About this task
Every line below from the one with "12b GRÅ | GREY" through the one with "Škof Antonio Santin" should be retyped exactly, both ends included; no other lines and no pictures.

─── Provided information ───

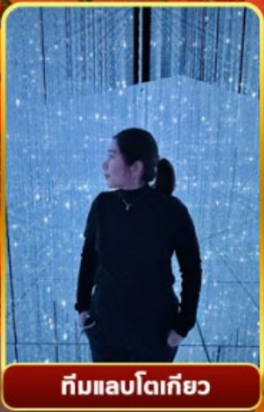
ทีมแอปโตเกียว
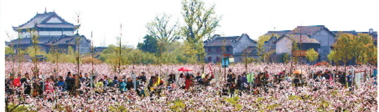
凤桥镇桃花盛开,游人如织。
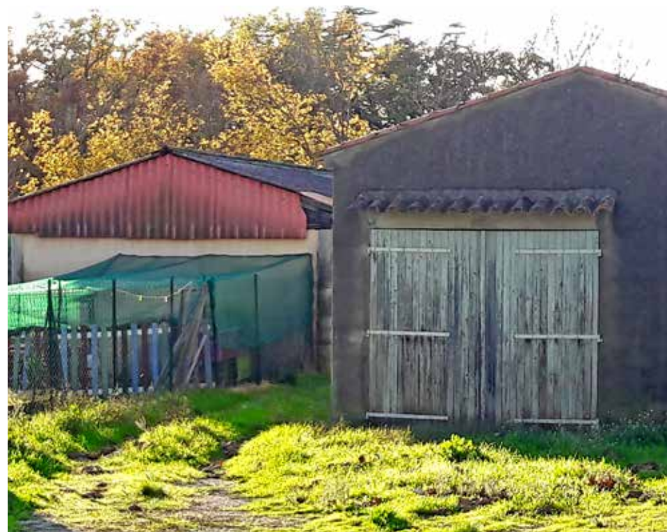
DEUX HANGARS A DEMOLIR

Ce projet qui s'élève à environ 1 100 000€ H.T. (travaux et prestations intellectuelles), comme l'a précisé la délibération du conseil municipal du 27 mai 2019, sera achevé pour l'été 2021. D'ores et déjà, le maître d'œuvre a été désigné suite au lancement d'un marché public en juin dernier. Cette équipe pluridisciplinaire a finalisé l'esquisse. Le premier coup de pioche symbolisant le commencement des travaux aura lieu au 1er trimestre 2020 et correspondra notamment à la démolition des 2 hangars situés à côté du centre de loisirs. Il s'agit de 2 constructions en très mauvais état qui accueillent du stock de matériel.
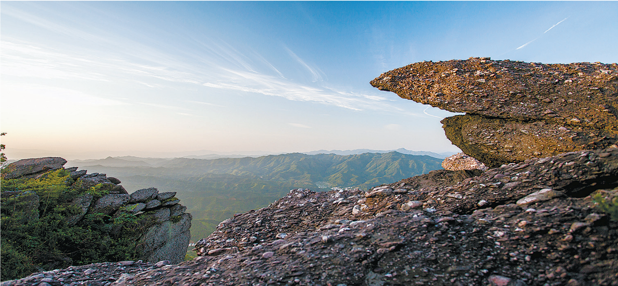
北江源头木公寨日出。

脱贫攻坚决战决胜 正平镇共有建档立卡贫困户1277户3768人,均已全部脱贫,其中2020年脱贫32户41人。顺利完成了市际交叉考核、国家第三方数据质量评估、省级专项调查等三项工作,产业、就业、教育、健康、住房保障、基础设施等十大扶贫工程取得重大进展,驻村工作队作用充分发挥,脱贫攻坚完美收官。瑞信等光伏扶贫基地成为全县样板;设立的球狮畲族村扶贫爱心超市成为全县示范;在全县率先推行干部夜校,切实提高了镇村干部和帮扶干部的脱贫攻坚能力;旅游扶贫成为脱贫攻坚新路子,球狮畲族村成为全县乃至全市及周边较有影响力的文化品牌,新打造了金丝皇菊特色产业,推动村级集体经济发展,20余户贫困户实现增收,户均增收6000元以上。
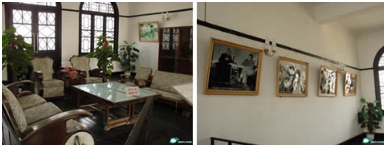
Hình G8. Lưu 2 ở M. C. Nam Quan với nguyên trạng cũ c "hội đàm" giữa C&#228;L và HCM

T&#225;c Gi&#7843;: Saigon Echo s&#225;u t&#225;m Th&#7913; S&#225;u, 04 Th&#225;ng 12 N&#259;m 2009 15:21
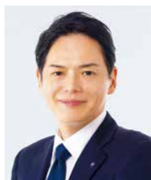
横浜市長 山中竹春
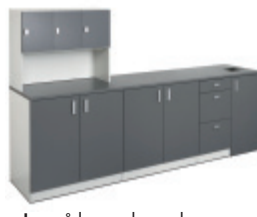
12b GRÅ | GREY | GRIS | GRAU 2 x E31816 + E31817 + E31809 (2748 mm bänkskiva | work top | plan de travail | Arbeitsplatte) + E31804 + E31821
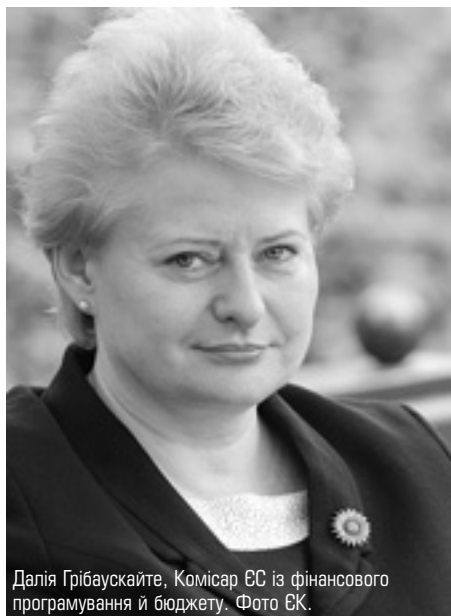
Далія Грібаускайте, Комісар ЄС із фінансового програмування й бюджету.

Б ільшість коштів ЄС у 2007 — 2013 роках буде спрямовано на модернізацію та економічне зростання. 24 травня Європейська Комісія оприлюднила попередню версію своїх пріоритетів щодо фінансових програм у новому європейському бюджеті. "Це серйозний крок уперед, який закладає підвалини для запровадження нових програм з 2007 року. Ми збираємося якомога швидше завершити цей процес", — каже Президент Єврокомісії Жозе Мануель Баррозу.
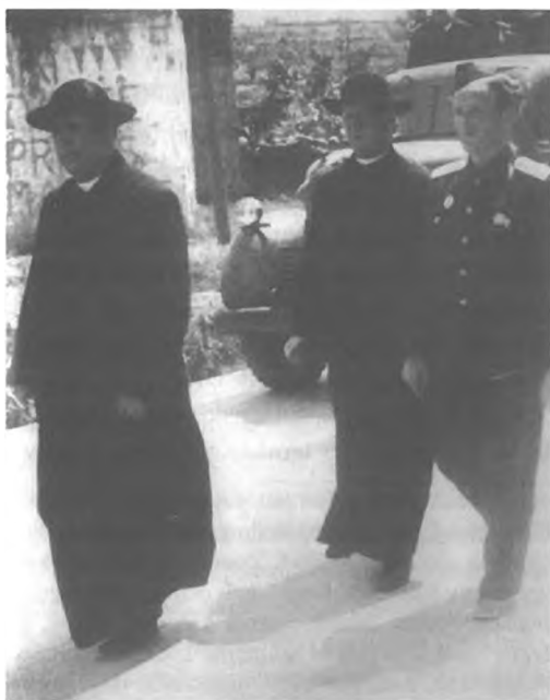
Škof Antonio Santin se po napadu nanj med obiskom v Kopru vrača v Trst, junij 1947. Spremljata ga pripadnika Narodne zaščite.

Proti jezikovnim in kulturnim zahtevam je nastopal tudi del Slovencev samih. Slovenskim šolam najbolj nasprotni naj bi bili, kot piše v elaboratu o Beneški Sloveniji leta 1948, «baš slovenski učitelji, to se pravi tisti narodni odpadniki, ki jih Italija vzgaja v učiteljšišču v Špetru. Agitatorji zoper slovenske zahteve so župani in občinski tajniki, trgovci in bogatejši sloji – sami ljudje slovenske krvi, ki so se iz enega ali drugega vzroka odtujili svojemu narodu.» 558 Ti «rinegati» naj bi bili, kot poročajo slovenski viri, celo bolj goreči kot Italijani ter po mentaliteti pravi fašisti in naj bi ob podpori furlanske duhovščine izvajali «grozen duševni teror na vse slovenske zavedne ljudi. Njihov kaplan, po rodu Slovenec, je aktiven v ščuvanju proti pristinim Benečanom, okrog sebe zbira ozopovce in fašiste, piše v Tricolore, ki izhaja z vednostjo karabinjerjev. Res strašno je živeti v tem duševnem ozračju. Kot so mi dejali kmetje, pitajo naše ljudi z večnimi 'banditi'. Fizično jih sicer ne pretepajo, a so jim vedno za petami, na vsakem oglu je karabinjer, tajni domači policist, ki je bil do včeraj fašist.» 559

───

The answer
12b GRÅ | GREY | GRIS | GRAU 2 x E31816 + E31817 + E31809 (2748 mm bänkskiva | work top | plan de travail | Arbeitsplatte) + E31804 + E31821
Далія Грібаускайте, Комісар ЄС із фінансового програмування й бюджету.

Б ільшість коштів ЄС у 2007 — 2013 роках буде спрямовано на модернізацію та економічне зростання. 24 травня Європейська Комісія оприлюднила попередню версію своїх пріоритетів щодо фінансових програм у новому європейському бюджеті. "Це серйозний крок уперед, який закладає підвалини для запровадження нових програм з 2007 року. Ми збираємося якомога швидше завершити цей процес", — каже Президент Єврокомісії Жозе Мануель Баррозу.
Škof Antonio Santin se po napadu nanj med obiskom v Kopru vrača v Trst, junij 1947. Spremljata ga pripadnika Narodne zaščite.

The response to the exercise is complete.